I check mine with a IR testor and would suggest everyone to do the same, mine are actually pretty good until it gets over 500 and then its 100 to 150 degrees high.


----------



## Caveman

oldspark said:


> The real point is you should NEVER have creosote dripping!



Yes, but one poor burn with the way my stove was set up and it would leak out, the pipe fit poorly to boot.


----------



## oldspark

Caveman said:


> Yes, but one poor burn with the way my stove was set up and it would leak out, the pipe fit poorly to boot.


 
One poor burn=creosote dripping out?
Thats a very very bad burn if you can do it wth one burn, never heard of that happening.


----------



## begreen

Can we see pictures of this setup? You need some actual eyeballs looking at the situation and installation in order to provide a more accurate assessment of the problem and fix.


----------



## CD'sCycleShop

I can't thank everyone enough for the great advise, and concern. As I am getting a much better grip on this wood burning thing, and I am seeing how hot one has to keep there flue. I do some basic math in my head, and correct me if I am wrong, but it seems to me that the hotter you keep your stove(higher BTHU) the more wood you are going to burn. So at what point does it become more efficient to buy a $40.00 chimney brush and pole, and possibly a $200.00 24' ext. ladder, and just clean your chimney twice a month. When the space being heated only requires 300 deg to maintain a comfortable temp., then why keep the stove at 400 - 500 deg just to achieve the flue temps that are required. I may just be over thinking the whole thing, but it seems to me that in the long run it would be cheaper and less time consuming to just clean the chimney, save the wood by cutting dampers way way back,and save the old back from the saw and splitter. I am burning 30% more wood by keeping the flue temps in the required range, and I am also having to open the front door at times and let out some of the 500 deg heat.  I am not trying to say creosote is not dangerous, but if one stayed on top of chimney maintenance, is my theory even practicable?


----------



## gzecc

CD'sCycleShop said:


> I can't thank everyone enough for the great advise, and concern. As I am getting a much better grip on this wood burning thing, and I am seeing how hot one has to keep there flue. I do some basic math in my head, and correct me if I am wrong, but it seems to me that the hotter you keep your stove(higher BTHU) the more wood you are going to burn. So at what point does it become more efficient to buy a $40.00 chimney brush and pole, and possibly a $200.00 24' ext. ladder, and just clean your chimney twice a month. When the space being heated only requires 300 deg to maintain a comfortable temp., then why keep the stove at 400 - 500 deg just to achieve the flue temps that are required. I may just be over thinking the whole thing, but it seems to me that in the long run it would be cheaper and less time consuming to just clean the chimney, save the wood by cutting dampers way way back,and save the old back from the saw and splitter. I am burning 30% more wood by keeping the flue temps in the required range, and I am also having to open the front door at times and let out some of the 500 deg heat.  I am not trying to say creosote is not dangerous, but if one stayed on top of chimney maintenance, is my theory even practicable?

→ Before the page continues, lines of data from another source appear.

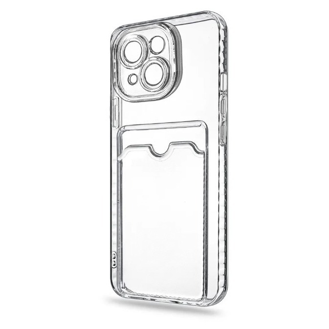 Чехол-накладка для iPhone 15 Plus (с защитой камеры, карманом для карт, прозрачный)
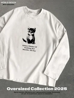 Лонгслив оверсайз с принтом y2k у2к котик кот kitten
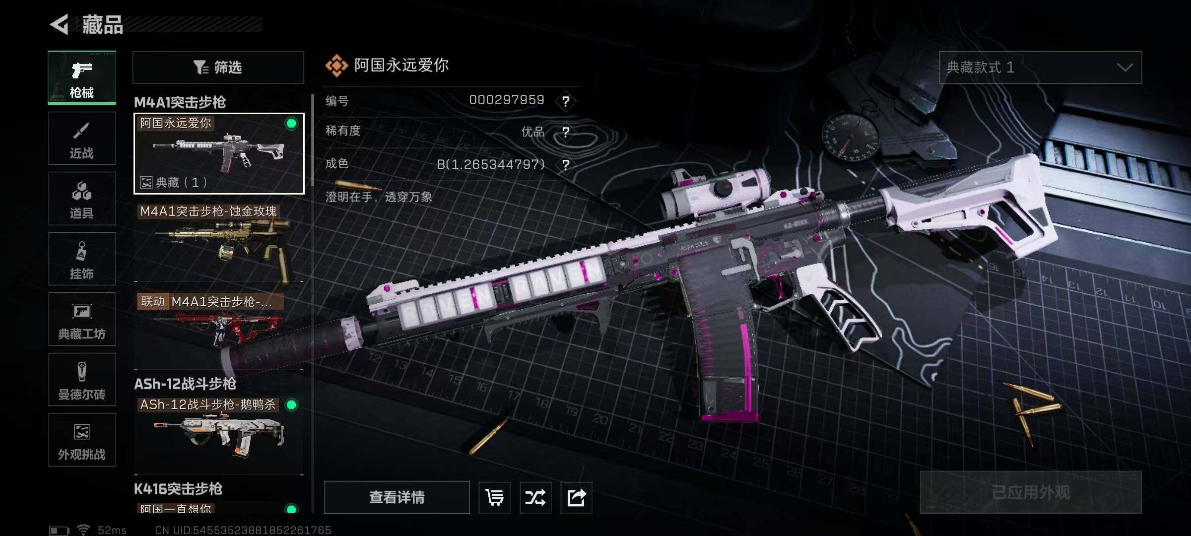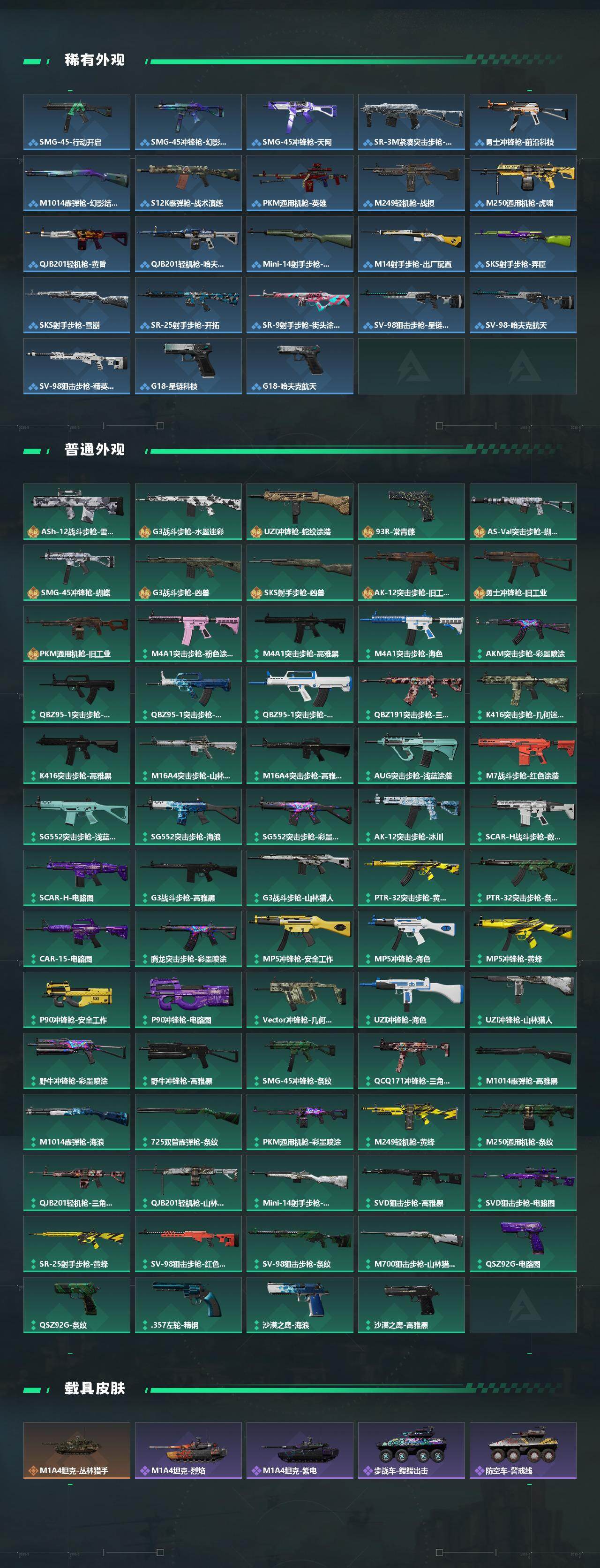 【传说外观】:M4A1突击步枪-蚀金玫瑰,M4A1突击步枪-阿米娅,ASh-12战斗步枪-鹅鸭杀,AK-12突击步枪-特斯拉线
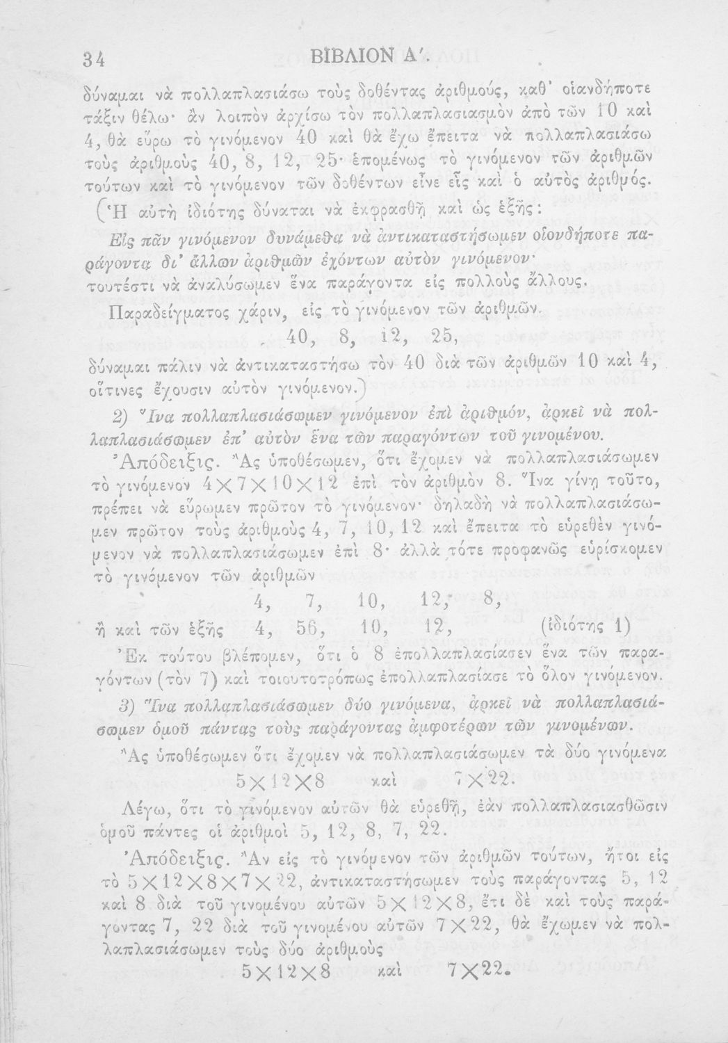 Σχολικό εγχειρίδιο Αριθμητικής Γυμνασίου που είναι χωρισμένο σε θεωρήματα και ασκήσεις και εστιάζει στις αριθμητικές πράξεις και τις ιδιότητές τους.

Are you asking what is cost of unseasoned wood?


----------



## CD'sCycleShop

Gzecc, I am asking, why keep the flue temps at 400 - 500 deg? If the flue temp is 400 - 500 deg then the stove top must be in the 600 deg. range. Example: Method #1- Set the auto damper to maintain 300 deg (top of stove), Flue(stack) temp. of 200 deg, thus saving wood( 8 truck loads per season), but having to clean creosote from chimney once or twice a month.   VS   Method #2- Set the auto damper to maintain 600 deg (stove top), Flue(stack) temp. of 400 deg, thus burning more wood(10.5 truck loads per season), but not having to clean creosote from chimney once a year. There has got to be a point where saving wood (by buning at low temp.) is more efficient than burning more wood to keep the 250+ deg required flue temp. after 6yrs the low temp burning method is a 15 truck loads savings, almost 2yrs worth of wood. That is a lot of sweat, gas, time, oil, time that can be saved


----------



## red oak

CD'sCycleShop said:


> I can't thank everyone enough for the great advise, and concern. As I am getting a much better grip on this wood burning thing, and I am seeing how hot one has to keep there flue. I do some basic math in my head, and correct me if I am wrong, but it seems to me that the hotter you keep your stove(higher BTHU) the more wood you are going to burn. So at what point does it become more efficient to buy a $40.00 chimney brush and pole, and possibly a $200.00 24' ext. ladder, and just clean your chimney twice a month. When the space being heated only requires 300 deg to maintain a comfortable temp., then why keep the stove at 400 - 500 deg just to achieve the flue temps that are required. I may just be over thinking the whole thing, but it seems to me that in the long run it would be cheaper and less time consuming to just clean the chimney, save the wood by cutting dampers way way back,and save the old back from the saw and splitter. I am burning 30% more wood by keeping the flue temps in the required range, and I am also having to open the front door at times and let out some of the 500 deg heat.  I am not trying to say creosote is not dangerous, but if one stayed on top of chimney maintenance, is my theory even practicable?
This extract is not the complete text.